I also discovered that if I held this typing stick in my mouth, and held the other end in my hand, it would steady my right hand on the wheelchair joystick. In some respects, I was using the mouth stick to push my hand which in turn pushed the joystick. That gave me the ability to get around the house or to go outside if it was on smooth ground. But I wasn’t able to go anywhere alone anymore.

Shortly after that last solo trip to the movies, Dad and I went to the movies together. We saw one of my favorite cheesy disaster films of all time “The Cassandra Crossing.” It featured an ensemble cast that included Sophia Loren, Richard Harris, Burt Lancaster, Lee Strasburg, Ava Gardner, Martin Sheen, and O.J. Simpson. A group of people on a European passenger train were infected with a deadly virus. Fearing that the infection would spread, no country would allow them to stop. Officials eventually routed the train onto a bridge over a deep gorge called the Cassondra Crossing where they planned to blow up the bridge and kill everyone on board. The special-effects miniatures of the train crashing into the canyon were spectacular. Dad and I both loved the movie.

Shortly after that Dad and I saw “Apocalypse Now”. Not only was I getting to season good cheesy action movies, I also got to see some quality filmmaking and it brought Dad and me even closer together to share these kinds of films.

I’m blessed by other friends and family who have taken me to see countless movies over the years and they still do so to this day.

Over the years, I’ve had to make more and more adjustments as my ability has diminished further. Eventually, I could no longer type on my computer at all. Fortunately, voice control software was developed that allows me to dictate into a computer and have complete control of all of its functions. If you’d asked me back in the 70s when I first began studying programming if computers would ever understand speech accurately, I would’ve said never in my lifetime. But for decades now voice recognition has been my only means of computer access.

Seven years ago I lost the ability to drive my wheelchair completely, but I got a new wheelchair with new controls. A tiny joystick is mounted on a collar that fits around my neck and I can push the controls with my lips. I also use that joystick as a mouse on my computer. I strap my head onto my headrest so that it stays firmly in place and I am much more mobile than I was when I was trying to control the joystick with my hand. I can now ride over bumpy ground safely. I still don’t go anywhere unaccompanied.

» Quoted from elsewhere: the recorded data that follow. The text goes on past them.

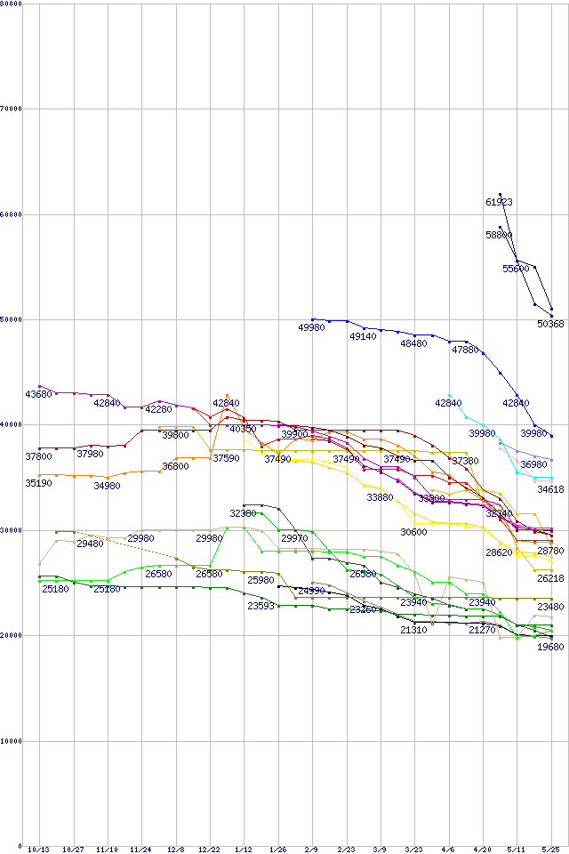| HDD 400GB以上の最安値推移 | | | (2005年10月13日~2006年5月25日) |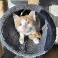 Ten młodziutki kocurek nie miał łatwego startu — bezdomność odcisnęła na nim swoje piętno i przez długi czas żył w strachu. Dziś jednak robi ogromne postępy. Kiedyś skryty w najciemniejszym kącie… teraz z ciekawością wącha człowieka i pozwala się delikatnie pogłaskać.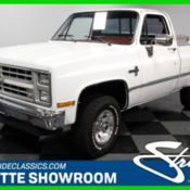 With trucks becoming more car-like every day, there's starting to be a real call for the classic real-deal pickups like this 1986 Chevrolet K-10 Silverado. This 4x4 has the great no-nonsense looks, and the investments made in this one went to enhance the robustness just as much as the beauty. The Silverado was the premium trim of the truck line, and so it looks quite nice in a bright white. This premium attitude is heightened by the big chrome bumper, wide grille with color-matched strip, and full side trim. But don't accuse this pickup of being a pretty boy. They paid special attention to make sure that the upgrades were equal parts flash and function. For example, the rear step bumper, bed side protectors, and Kobalt lockable tool box not only have mirror-like finish, but also diamond plate toughness. Plus, only the best trucks received the 15-inch factory alloys. The red interior is fantastic against the white exterior, especially because this looks like there have been given some fresh investments. It's also a nice place to spend some time thanks to the plush velour-topped seat and sliding rear window. Plus, the driver-oriented setup means a dual-spoke steering wheel that gives you a commanding view of the gauges. It's an easy reach to all your controls, including the upgraded AM/FM/CD stereo and newer Vintage Air system. You've got nice hints of shine under the hood with the bright air topper and the valve covers that announce this as a 350 cubic-inch motor. More than just look attractive, this V8 has extra substance thanks to the Edelbrock four-barrel carburetor and Weiand intake. Not only does this extra power give the dual exhaust extra growl, but you also get extra muscle for when you're enjoying this 4x4 off-road. As you look at the undercarriage photos, the cleanliness of the components tell you there have been the right investments and care so that you can rely on this pickup. This one is really built to be a good truck. The four-speed manual transmission is geared to offer plenty of low-end torque, and the BF Goodrich All-Terrain T/As are great to have when the pavement ends. Plus, power steering and front disc brakes are great anytime features no matter if you're in the high country or Main Street. This is the truck that works hard and plays hard. It gets a lot more attention than a new 4x4, and it even still comes with all the right truck features. So don't miss out, call today!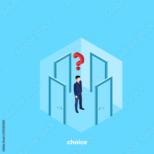 a man in a business suit stands in a room with four doors and thinks which one to go to, an isometric image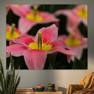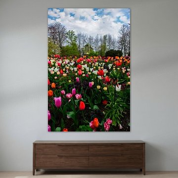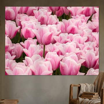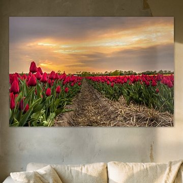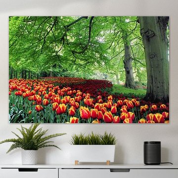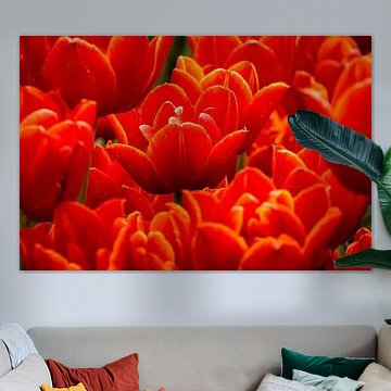 Buy a painting with tulips, and you will bring colour into your home. Wall art prints with flowers brighten up your home. Think of a tulip painting or photo art with tulips on it. If you want something slightly different, think about a modern abstract tulip painting. Want to make a big statement? Then indoor wallpaper of tulips is perfect. Or do something slightly different and buy a round tulip artwork.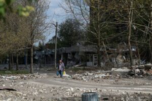FILE PHOTO: A resident walks next to buildings damaged by Russian military strikes in the front line town of Pokrovsk, amid Russia’s attack on Ukraine, in Donetsk region, Ukraine April 23, 2025. REUTERS/Nina Liashonok/File Photo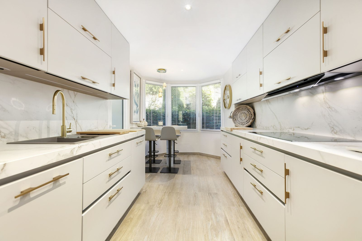 La propriété a été entièrement transformée avec une toute nouvelle cuisine sur mesure et une buanderie séparée, toutes deux conçues pour allier fonctionnalité et style. Le vaste salon et la salle à manger formelle offrent des dimensions exceptionnelles, offrant un cadre élégant pour se détendre et recevoir. Chacune des trois chambres spacieuses dispose de sa propre salle de bain attenante, joliment aménagée, et d'un cabinet de toilette contemporain pour les invités.

In December 2016 I had to have a trach installed in my throat. Periodically I need to have it suctioned. I don’t go anywhere without my suctioning machine. At first, I was reluctant to ask friends to go to the movies with me because they would have to operate the suction machine if I needed it. It wasn’t anything beyond their capability but I didn’t want them to have to be a nursemaid to me.

The first movie I saw after I had my trach was in March 2017 when I went with my friends Rich and Kathy Logan to see the Marvel Comics movie “Logan”. It featured Hugh Jackman in his last film in which he played Wolverine. I had a history of seeing Logan movies with the Logans. The first film we saw together was “Logan’s Run” back when we were at IUPUI together. More on that story another day. Anyway, for this movie we brought my dad along in case I needed to be suctioned. Rich, Kathy, and I enjoyed it but he hated the movie. Again, I worried that my moviegoing days were numbered. Trying to find a movie that my dad and my friends would all enjoy was going to be a challenge.

After that, I finally got the courage to ask my friends if they could do my suctioning. My most loyal friend Rich said, “We were wondering when you were going to get around to asking. Of course, we can do it. We’ve been adapting to your disability along with you for decades now. This is just the next phase.”

Because my stamina continues to fade gradually, I wasn’t certain I could ever go to a concert again but since I got my trach, I’ve seen some of my favorite acts including memorable concerts of Peter Frampton, The Trans-Siberian Orchestra, Steve Miller Band, The Who, and Sting thanks to my sister Carol who accompanies me. Carol and I also catch a couple of hockey games each year. Although, we try to go to afternoon games because I have a hard time staying up late.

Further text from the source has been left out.